INSTRUCTIONS TO FOLLOW »
Copy all the entries word for word, but omit the pictures.

LISTED ENTRIES »
============================================================

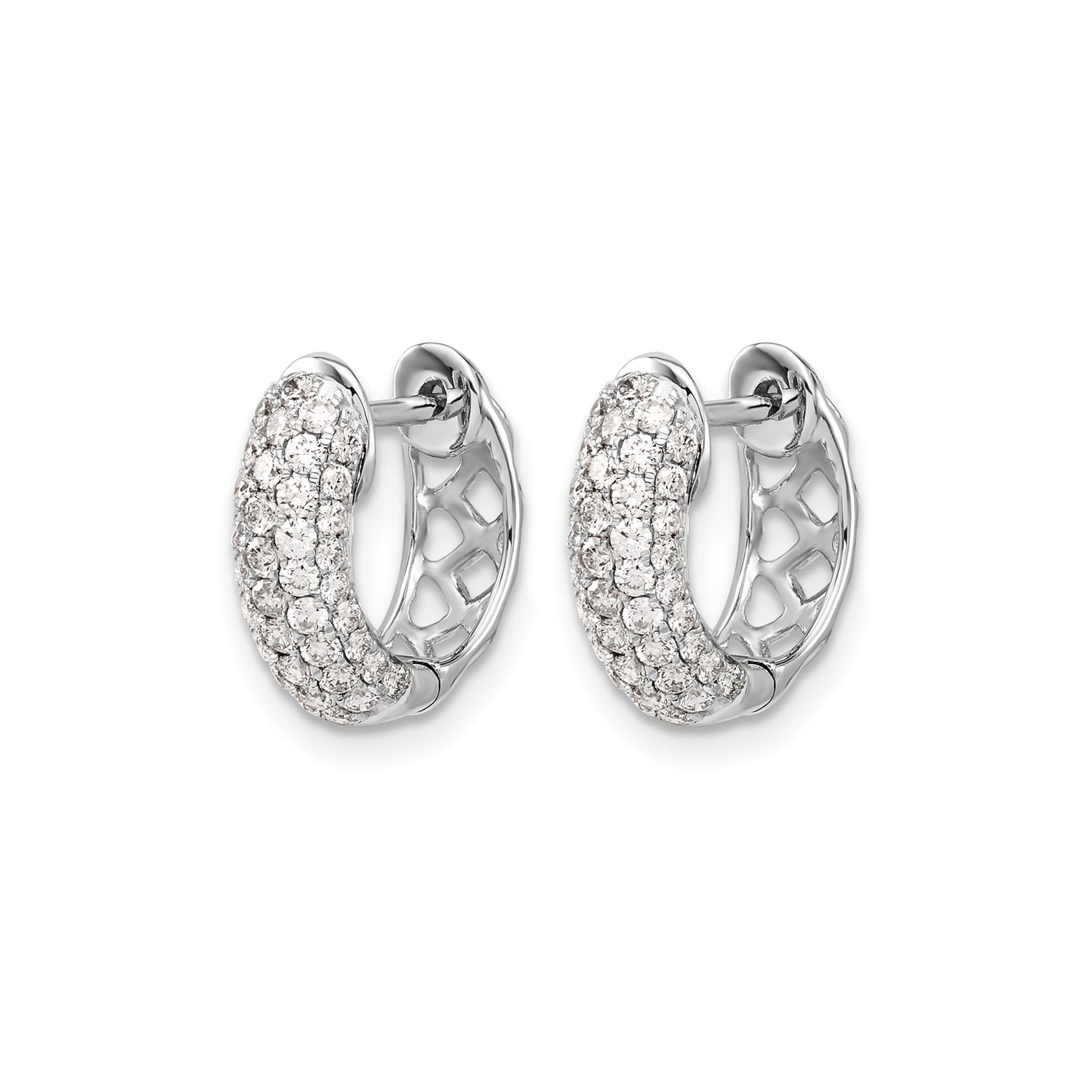 The refined diamond hoop earrings transition effortlessly into formal jewelry or everyday wear. From anniversary hoop earrings to classic white gold hoops for bridal occasions, these fine accessories elevate your style with elegance and poise. Choose these diamond huggie hoops for a sparkling addition to your collection of gold earrings you'll treasure each time you wear them.
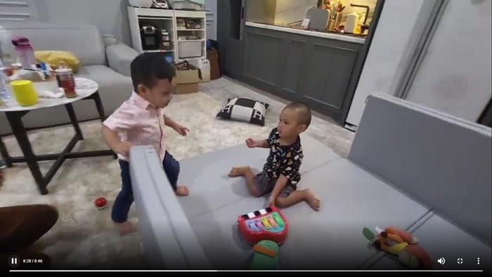 "Tuh banyak mainan. Si, main gih," kata Baim mengajak Gala bermain dengan Kiano.
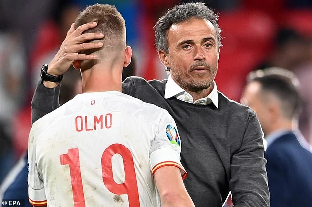 Enrique an ủi học trò Olmo, người đá hỏng quả penalty đầu tiên trong loạt luân lưu. ẢNH: EPA
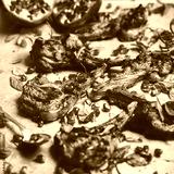 Grilled lamb ribs with pomegranate seeds, fresh mint and rosemary in metal baking tray. Meat barbecue and slow food concept. Selective focus, square crop
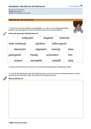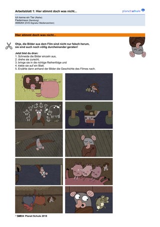In der ersten Erarbeitungsphase geht es darum sicherzustellen, dass der Inhalt des Filmes richtig verstanden wurde. Hierzu werden die Arbeitsblätter 1 und 2 in Einzelarbeit bearbeitet, wobei auf Arbeitsblatt 1 die chronologische Reihenfolge der Geschehnisse des Filmes im Mittelpunkt steht und auf Arbeitsblatt 2 die Gefühlswelt der Hauptfigur (Fledermaus) näher beleuchtet wird. Einzelne Schülerinnen und Schüler sollen die Geschichte (mündlich) nacherzählen, so wird gewährleistet, dass anschließend alle denselben Kenntnisstand haben.
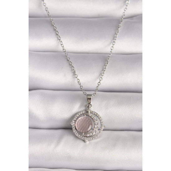 Mey İthalat® 316L Çelik Gümüş Renk Zirkon Taşlı Pembe Sedefli Hilal Model Kadın Kolye
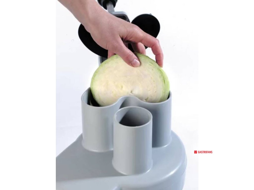 - 1× velký otvor ve tvaru ledvinky o ploše 104 cm2, objem násypky 1,6 l – určen ke krouhání větších kusů zeleniny, jako hlávkové zelí, cibule nebo rajče
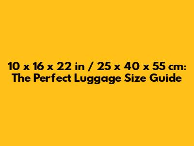 So, there you have it! A 10 x 16 x 22 inch (25 x 40 x 55 cm) suitcase is a fantastic choice for travelers who want a balance of space and convenience. It's generally carry-on compliant, offers enough room for a short to medium trip, and can help you avoid those pesky baggage fees. Just remember to double-check airline policies, pack efficiently, and choose a suitcase that meets your needs. Happy travels, guys!

============================================================

EXPECTED OUTPUT »
 The refined diamond hoop earrings transition effortlessly into formal jewelry or everyday wear. From anniversary hoop earrings to classic white gold hoops for bridal occasions, these fine accessories elevate your style with elegance and poise. Choose these diamond huggie hoops for a sparkling addition to your collection of gold earrings you'll treasure each time you wear them.
 "Tuh banyak mainan. Si, main gih," kata Baim mengajak Gala bermain dengan Kiano.
 Enrique an ủi học trò Olmo, người đá hỏng quả penalty đầu tiên trong loạt luân lưu. ẢNH: EPA
 Grilled lamb ribs with pomegranate seeds, fresh mint and rosemary in metal baking tray. Meat barbecue and slow food concept. Selective focus, square crop
In der ersten Erarbeitungsphase geht es darum sicherzustellen, dass der Inhalt des Filmes richtig verstanden wurde. Hierzu werden die Arbeitsblätter 1 und 2 in Einzelarbeit bearbeitet, wobei auf Arbeitsblatt 1 die chronologische Reihenfolge der Geschehnisse des Filmes im Mittelpunkt steht und auf Arbeitsblatt 2 die Gefühlswelt der Hauptfigur (Fledermaus) näher beleuchtet wird. Einzelne Schülerinnen und Schüler sollen die Geschichte (mündlich) nacherzählen, so wird gewährleistet, dass anschließend alle denselben Kenntnisstand haben.
 Mey İthalat® 316L Çelik Gümüş Renk Zirkon Taşlı Pembe Sedefli Hilal Model Kadın Kolye
 - 1× velký otvor ve tvaru ledvinky o ploše 104 cm2, objem násypky 1,6 l – určen ke krouhání větších kusů zeleniny, jako hlávkové zelí, cibule nebo rajče
 So, there you have it! A 10 x 16 x 22 inch (25 x 40 x 55 cm) suitcase is a fantastic choice for travelers who want a balance of space and convenience. It's generally carry-on compliant, offers enough room for a short to medium trip, and can help you avoid those pesky baggage fees. Just remember to double-check airline policies, pack efficiently, and choose a suitcase that meets your needs. Happy travels, guys!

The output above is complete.